Distributed Systems
MapReduce
Map every record in parallel, shuffle by key, reduce each group — a petabyte scan as two pure functions
MapReduce is a programming model for processing huge datasets across a cluster: a map function emits key-value pairs in parallel, the framework shuffles them by key, and a reduce function aggregates each group — turning a petabyte scan into an embarrassingly parallel job.
- IntroducedGoogle, 2004 (Dean & Ghemawat)
- You writemap() + reduce()
- Framework ownsshuffle, sort, retries
- Map phaseO(n) over input, fully parallel
- Shuffle transfersup to M × R
- Fault modelre-run any task on failure
Interactive visualization
Press play, or step through manually.

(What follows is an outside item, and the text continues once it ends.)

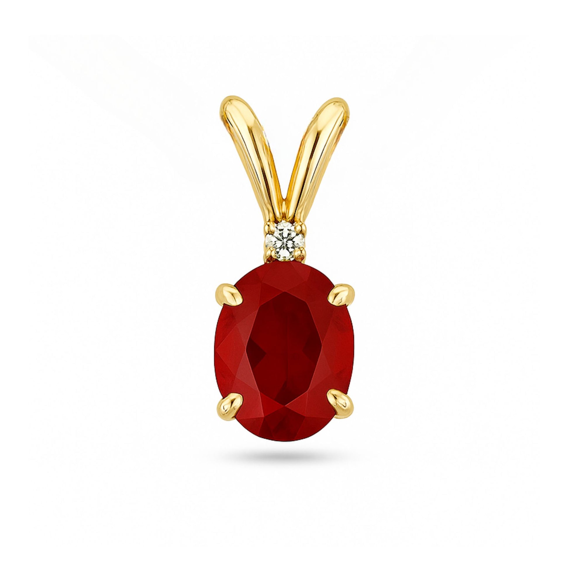 14K 0.74ct Oval Fire Opal 0.01ct White Diamonds Solitaire Pendant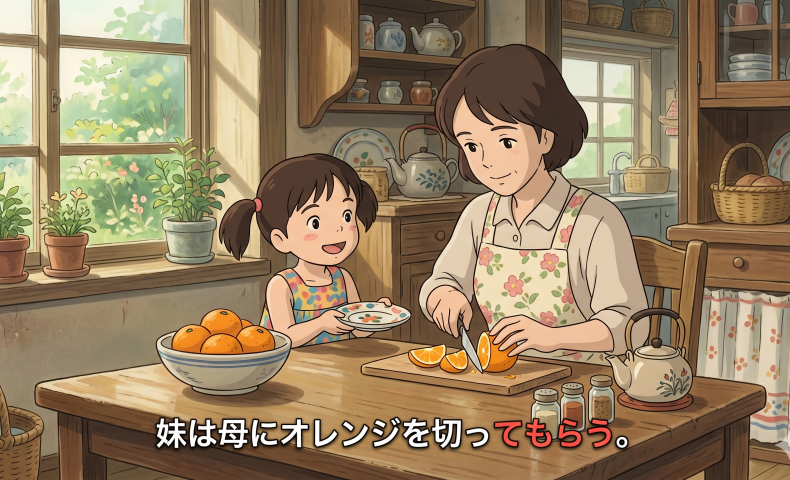 (3) 妹は母にオレンジを切ってもらう / 切ってもらいます。

The visualization is yours to drive — try it before reading on.
Watch the 60-second explainer
A condensed visual walkthrough — narrated, captioned, under a minute.
How MapReduce works
You have a petabyte of web-server logs and one question: how many times does each URL appear? No single machine can hold the data, let alone sort it. MapReduce, introduced by Jeffrey Dean and Sanjay Ghemawat at Google in 2004, answers this with a deceptively small idea: express the whole computation as two pure functions, and let the framework handle every hard distributed-systems problem behind them.
The model has exactly three phases:
- Map. The framework splits the input into chunks (typically 64–128 MB each) and runs your
map(key, value)on every record, in parallel, on whichever machines hold the data. Each call emits zero or more intermediate(k, v)pairs. For URL counting, map reads a log line and emits(url, 1). - Shuffle. This is the framework's job, not yours. It sorts every intermediate pair by key and routes all values for a given key to the same reducer. After the shuffle, a reducer sees
(url, [1, 1, 1, ...])— one group per distinct key, with every value for that key, no matter which mapper produced it. - Reduce. Your
reduce(key, values)runs once per key and folds the list of values into a result. For URL counting it sums the ones:(url, 42).
The conceptual signature is clean:
map : (k1, v1) → list(k2, v2)
shuffle (framework) : list(k2, v2) → list(k2, list(v2))
reduce: (k2, list(v2)) → list(k3, v3)
The leverage comes from what you didn't write. There is no code for partitioning the input, scheduling thousands of tasks, moving data across the network, sorting it, retrying failed machines, or detecting stragglers. The framework does all of that, identically, for every job — because map and reduce are pure functions of their inputs, they can be re-run anywhere, any number of times, with the same result.
The mechanism, phase by phase
Splits and map parallelism. A job with input size D and split size S launches M = ⌈D / S⌉ map tasks. With 1 TB of input and 128 MB splits, that's about 8,000 map tasks. The scheduler tries to place each map task on a machine that already holds its split (data locality), so most of the input never crosses the network. Map is O(D) total work, spread across however many slots the cluster has — the wall-clock map time is roughly D / (slots × per-slot throughput).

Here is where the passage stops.